# Tank theme wishlist



## asukabetta (Oct 2, 2012)

I know, this is probably boring but I have planned out a little wish list for my tanks theme and wanted to share it to you guys, since theme-ing out my tanks is probably going to take a while as I gather the money for it:
*
Cheshire - An alice in wonderland theme*










Looking for:

- Small bottle (like the ones from a mini fridge) 
- Mushroom 
- Cheshire cat figurine
- A label that is waterproof with the words "Drink me"
- Colorful gravel (got it!)

Or

- Tea set
*
Eros- A greek theme, olympus?*










- Greek temples
- Greek famous statues figurines (hopefully of Eros, god of love)
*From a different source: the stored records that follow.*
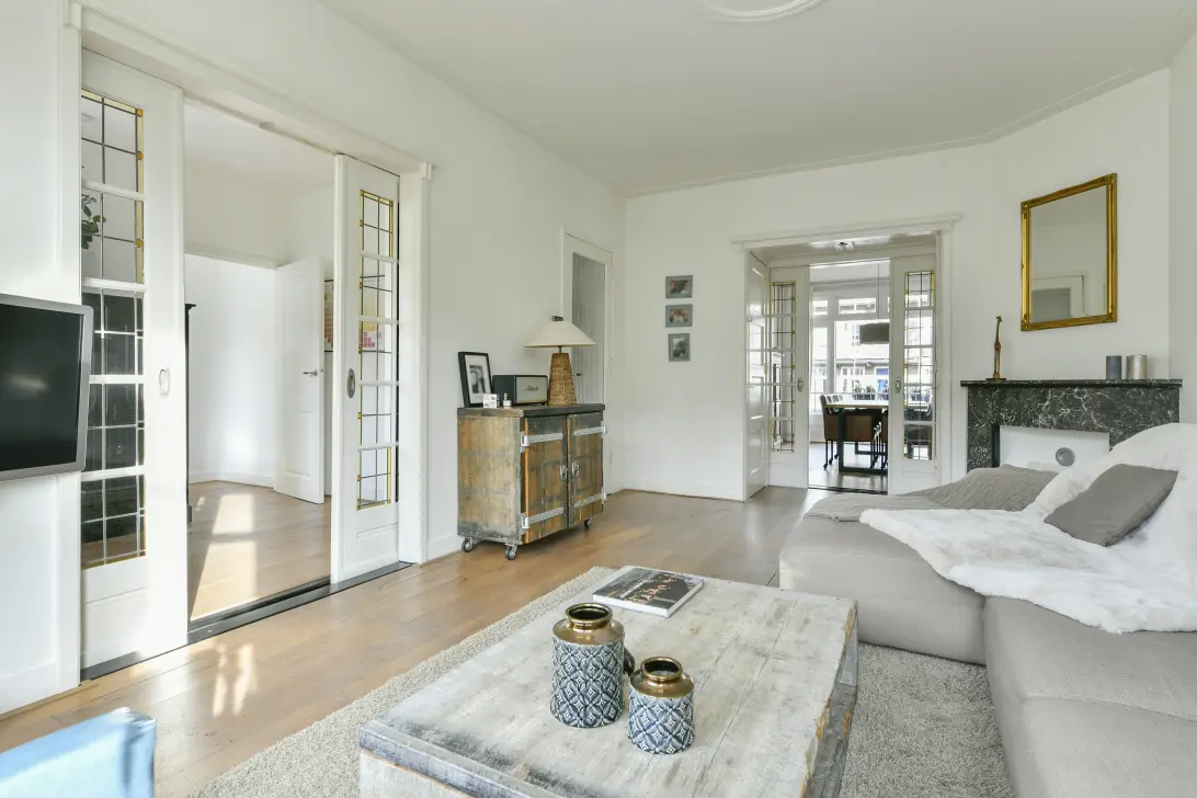 Je komt de woning binnen in de centraal gelegen, L-vormige gang met garderobenisje. De woonkamer aan de voorzijde is voorzien van een karakteristieke erker, natuurstenen schouw en diepe inbouwkasten. Bijzonder aan deze kamer is dat er een dubbele en-suite constructie is; één naar de achterkamer en één naar de kamer opzij. Middels twee separate, originele glas-in-lood schuifdeuren worden de drie kamers met elkaar verbonden.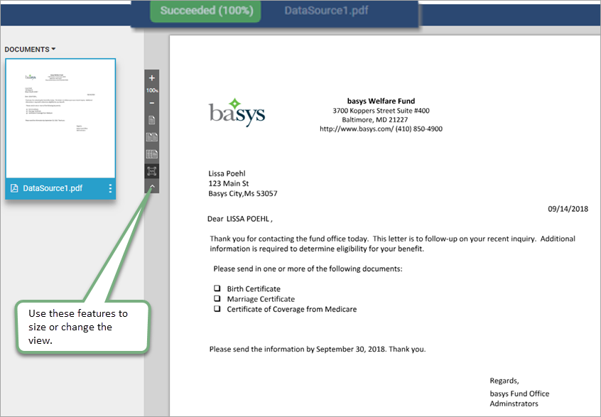 - A message at the top of the page alerts you to the success or failure of the letter generation and the file name displays. When you're done with the PDF file, close the web page.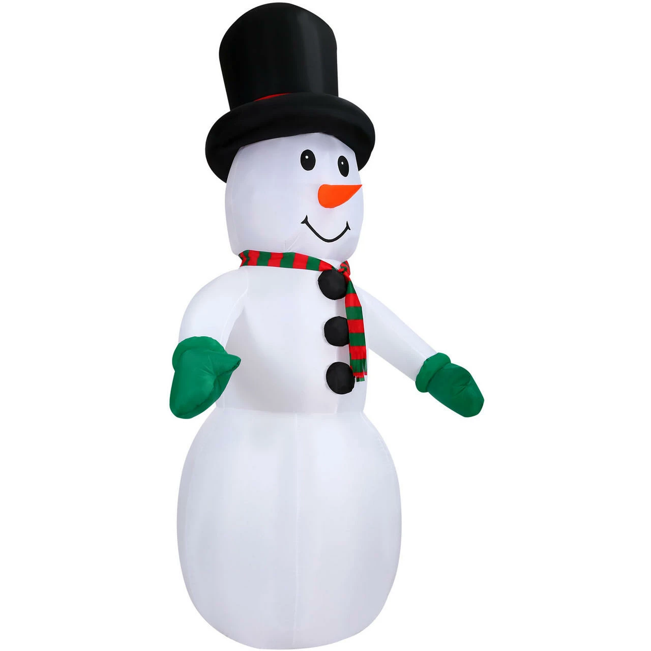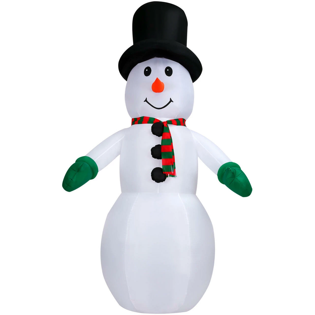 - 10-ft. Pre-Lit Inflatable Snowman illuminates day and night with 3 internal white LED lights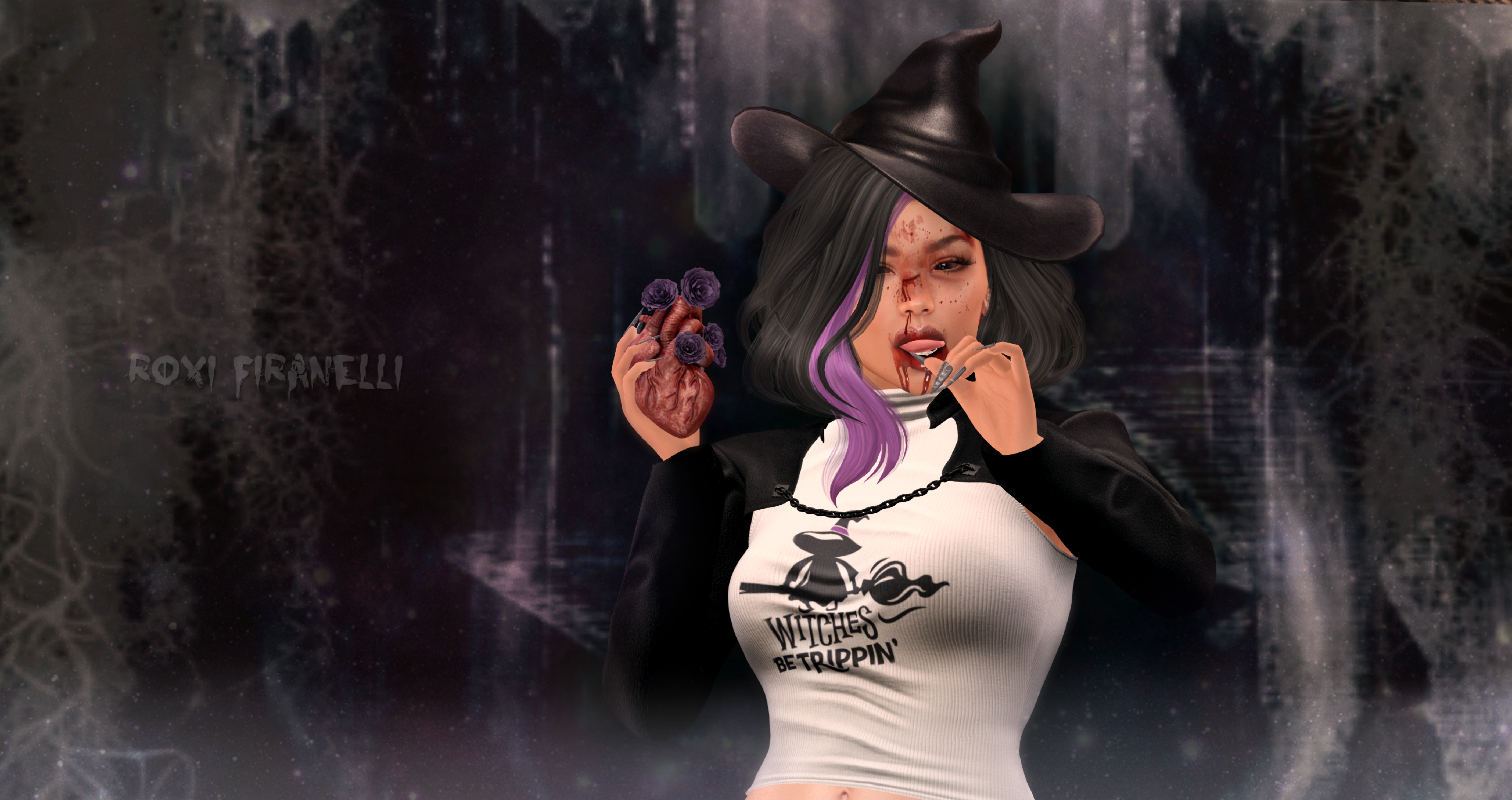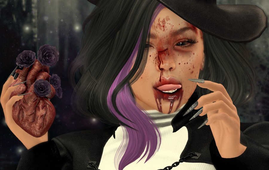 The creaky gates have finally swung open and the masses have descended to indulge in the yearly rite which is Salem. They will not be disappointed…from cute spooky to holy shit disturbing (there’s a pose set that I just would not be comfortable with…butchery wise) there is something for everyone this Halloween season. The outfits run the gamut too, hoho to casual freakish to uber classy gowns Morticia would wear. For example…I looooove this no sleeve turtleneck and bolero from Tori Torricelli. They’re sold separately and come in a plethora of colors and designs. You can look classy with a more serious solid shade or design for the turtleneck…I chose to go with fun, cause anyone walking around with a huge purple stripe in their hair can’t be all serious…and the little witch on the shirt has a purple stripe on her hat. Coincidence? I think not. The hat comes with the hair (but you can wear the hair alone if you like after the season) from Limerance but beware…the 2nd color strand is only available with the fatpack. The heart just made me happy…gruesome and fun at the same time with the flowers sprouting out. The nails are all different, you can see them better in the closeup below. I don’t normally wear separate nails, but I like how these look all stabby 💀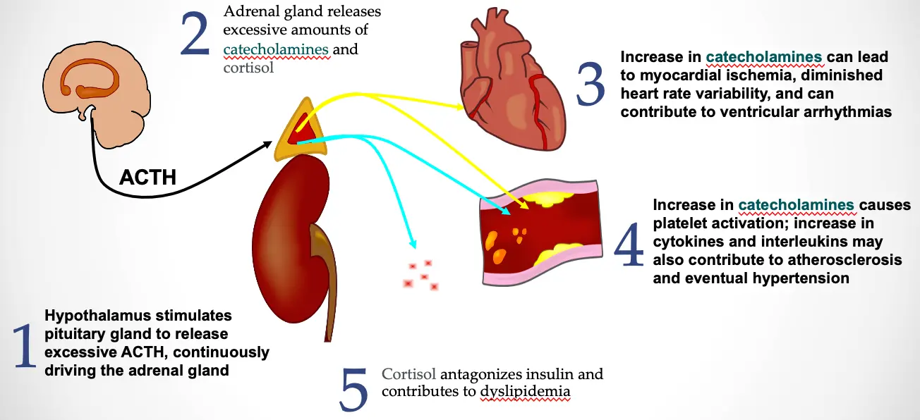 - Increase in catecholamines causes platelet activation; increase in cytokines and interleukins may also contribute to atherosclerosis and eventual hypertension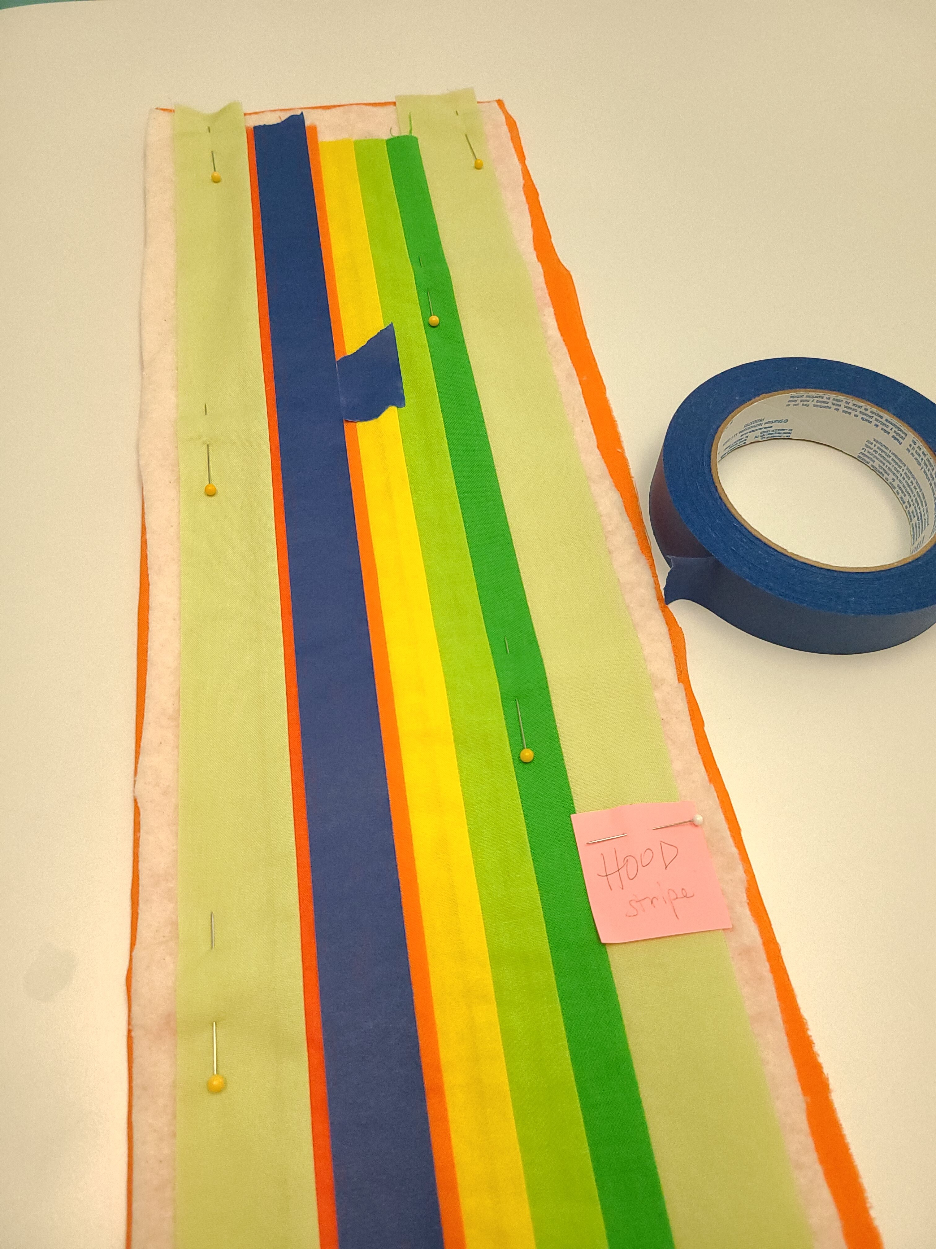 I thought it looked cool with the tape on the front pieces for the horizontal quilt lines (pictured).

*Ramses - An egyptian theme*

- Piramids (I found some muahhaah)
- A figurine of ramses or Anubis
- Little dried looking branches or cactus figurines

*Kiyohime - Mai HiME theme*










I have to go to an anime convention for this one and order online:

- Kiyohime figurine
- Shizuru Fujino figurine
- Natsuki figurine
- Hime star wallpaper
- Duran figurine
- Bell


----------



## LunaStars004 (Nov 26, 2012)

Wow they are all really cool!
Personally, I like the Alice and Wonderland the most


----------



## asukabetta (Oct 2, 2012)

LunaStars004 said:


> Wow they are all really cool!
> Personally, I like the Alice and Wonderland the most


oh this is just the idea, I haven't gotten to working on them yet Q_Q


----------